KOMPAS.com - Di balik sinar terang bersama Leeds United di panggung Liga Inggris, Raphinha menyimpan cerita masa lalu yang begitu kelam.
Leeds United memboyong Raphinha dari klub Perancis, Rennes, pada bursa transfer musim panas 2020.
Kala itu, Leeds harus mengeluarkan dana sebesar 18,6 juta euro atau sekitar Rp 292,5 miliar untuk mendapatkan Raphinha.
Meski Leeds bukan klub top Premier League, Raphinha berhasil menjadi bintang di sana.
Dua musim berseragam Leeds United, pemain sayap asal Brasil itu mengemas total 64 penampilan di semua kompetisi dengan catatan 17 gol dan 11 assists.
Baca juga: Transfer Gabriel Jesus Hampir Tuntas, Arsenal Lirik Raphinha dan Bek Ajax
Penampilan apik Raphinha bersama Leeds membuat winger 25 tahun itu dilirik sejumlah klub besar Eropa.

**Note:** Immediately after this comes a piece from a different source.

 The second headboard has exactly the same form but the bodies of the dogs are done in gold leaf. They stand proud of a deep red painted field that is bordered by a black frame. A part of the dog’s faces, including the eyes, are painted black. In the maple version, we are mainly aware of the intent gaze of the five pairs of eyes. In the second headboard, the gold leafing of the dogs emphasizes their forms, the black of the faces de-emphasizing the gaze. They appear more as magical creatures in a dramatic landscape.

Pada Maret lalu, FC Barcelona dikabarkan memiliki minat kepada Raphinha. Kini, duo London yakni Chelsea dan Arsenal disebut sedang bersaing untuk mendapatkan pemain kelahiran Porto Alegre tersebut.
Dalam dua musim terakhir, Raphinha menjadi bagian dari gemerlap panggung kompetisi divisi teratas Liga Inggris, Premier League.

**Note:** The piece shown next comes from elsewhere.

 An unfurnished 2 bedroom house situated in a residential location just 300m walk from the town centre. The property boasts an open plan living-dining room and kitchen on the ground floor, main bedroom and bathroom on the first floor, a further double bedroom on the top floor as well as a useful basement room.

Raphinha sendiri terbilang sudah cukup lama berkarier di Benua Biru. Pemilik nama lengkap Raphael Dias Belloli itu pindah ke Eropa ketika direkrut oleh klub Portugal, Vitoria Guimaraes, pada 2015.
Pindah ke Eropa menjadi kesempatan bagi Raphinha untuk mengembangkan karier sepak bola sekaligus mencari kehidupan yang lebih baik dan melupakan trauma masa lalu.

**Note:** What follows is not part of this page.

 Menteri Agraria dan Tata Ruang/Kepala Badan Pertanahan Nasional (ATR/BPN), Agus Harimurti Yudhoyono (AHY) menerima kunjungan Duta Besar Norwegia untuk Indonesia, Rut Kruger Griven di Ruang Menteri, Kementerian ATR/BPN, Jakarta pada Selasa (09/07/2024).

Baca juga: Chelsea dan Arsenal Berlomba untuk Boyong Raphinha, Siapa Unggul?
Lahir di Porto Alegre, Brasil, pada 14 Desember 1996, masa kecil Raphinha dipenuhi dengan kisah pilu.
Ia berasal dari kawasan kumuh dan berbahaya di Porto Alegre. Ketika masih anak-anak, ia sudah disuguhi pemandangan orang meninggal karena terjebak dalam perdagangan narkoba.
Bahkan, beberapa teman masa kecil Raphinha ada yang meninggal, sedangkan yang lain ikut menjual narkoba.
"Seringkali dalam hidup, cara termudah untuk menghasilkan uang adalah dengan cara yang salah," ungkap Raphinha dalam sebuah wawancara dengan Sky Sports.
"Itu hanya bagian dari kehidupan di sana (Porto Alegre). Ada ketidakmampuan untuk menghindarinya, ketidakmampuan untuk mendapatkan kehidupan yang lebih baik," imbuhnya.